People often lose track of their pensions when they change employers or move into a new home and do not notify their provider.

Therefore, the provider cannot communicate with them and over time these pensions are forgotten, people having gaps in their retirement income.

This problem has been compounded by the fact that more people are automatically enrolled in a pension when they start a new job.

Helen Morrissey, senior pensions and pensions analyst at Hargreaves Lansdown, said: “Frequent job changes mean people can accumulate several small pensions over the course of their working lives.

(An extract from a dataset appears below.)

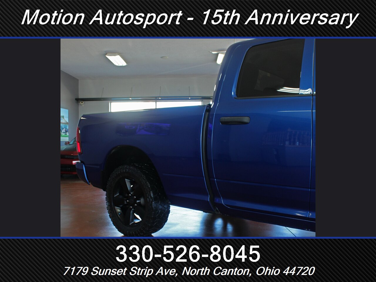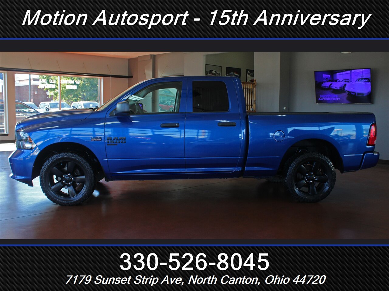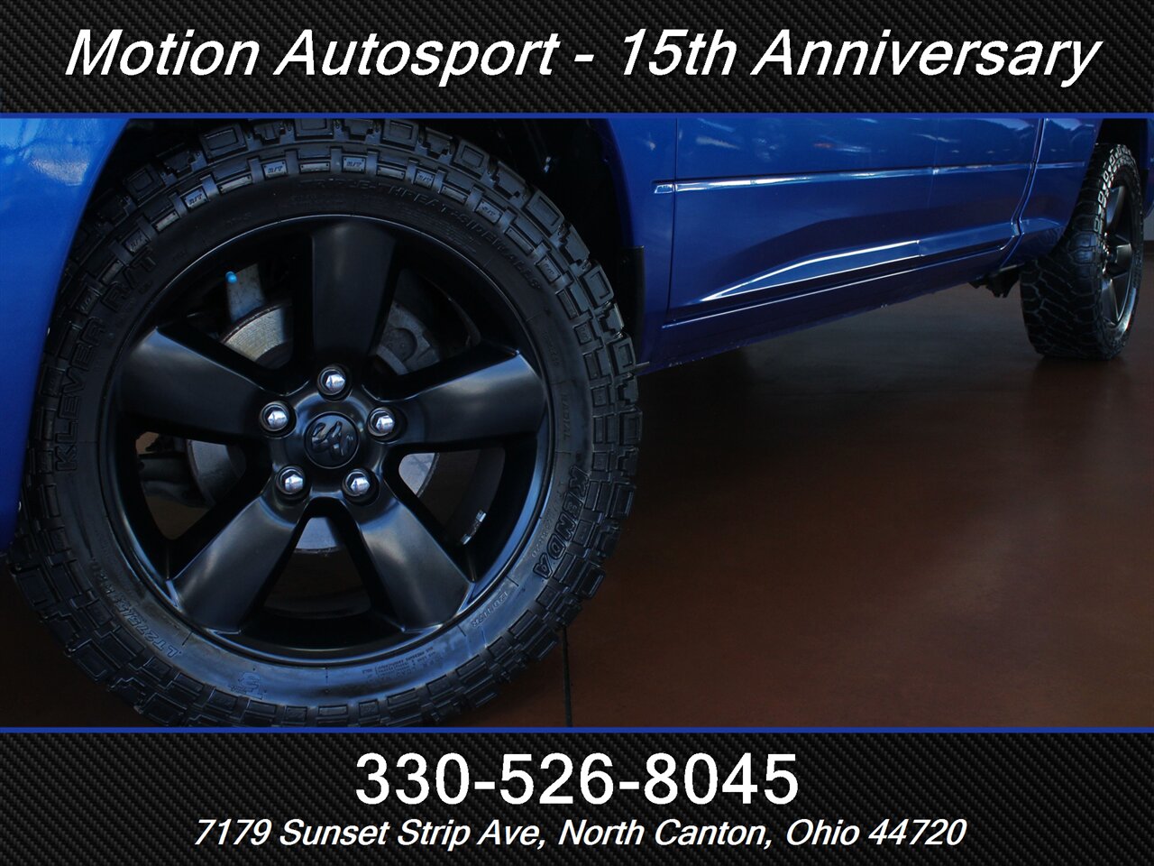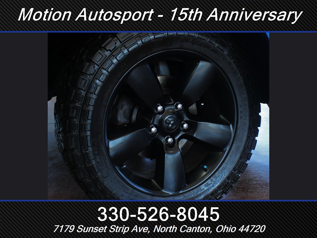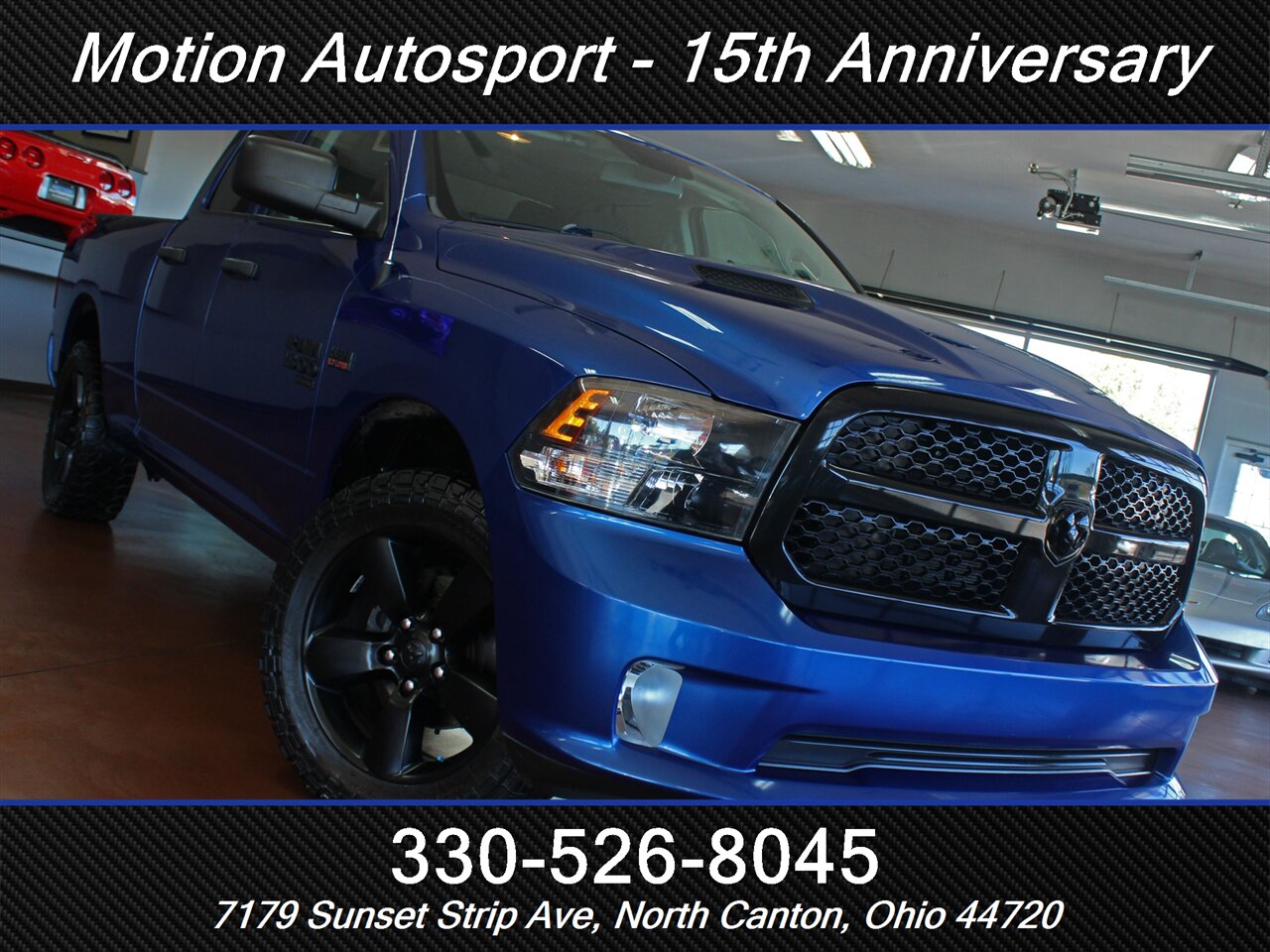BE THE BAD BOY ON THE BLOCK WITH THIS Night Edition Ram! Loaded Express with the rare Night Edition Package! Stunning and rare true blue metallic paint, touch screen audio, back up, Uconnect, fresh service and an impeccable Carfax! ONLY 70,000 VERY WELL KEPT MILES! Ask us about our spectacular financing and extended service contracts. We take trades and ship vehicles nationwide. Visit www.motionautosport.com for 60 detailed photos. Internet price is dealer finance only. Cash price is 26,966. Call Brandon for more detail at 330-526-8045

“A recent study by Hargreaves Lansdown showed that while 22 percent of people aged 55 to 64 with a pension reported having three or more pensions, that figure rose to one-third of those aged 18-24 and 35-44. years.

“However, there is no need to lose sight of pensions. Safely store pension documents and update your contact details every time you move to a new home.

But for pensions that are lost and never claimed, the entry into force of new rules may mean that those assets are no longer wasted.

The Dormant Assets Program was established in 2008 to distribute unclaimed assets of banks and building societies to social and environmental initiatives across the UK.

A bill is currently under consideration in Parliament and aims to extend this regime to dormant assets in the sectors of insurance and pensions, investment, wealth management and securities.

Last year the government said pensions would be excluded from the scheme, given the “significant changes” in the pension landscape in recent years and its commitment to pension dashboards, which it wanted to give time. to develop. It has the potential to make around £ 880million available across the UK.

However, if someone’s money is transferred to the Dormant Assets Fund, they can still get it back.

Morrissey said: “Hundreds of thousands of pensions are gone. Ideally, each pension could be reunited with its owner, but if not, it is positive that this is used for good causes rather than sitting on forgotten accounts.

“The key is that if the repo investor comes back for the money, the plan allows them to access their assets.”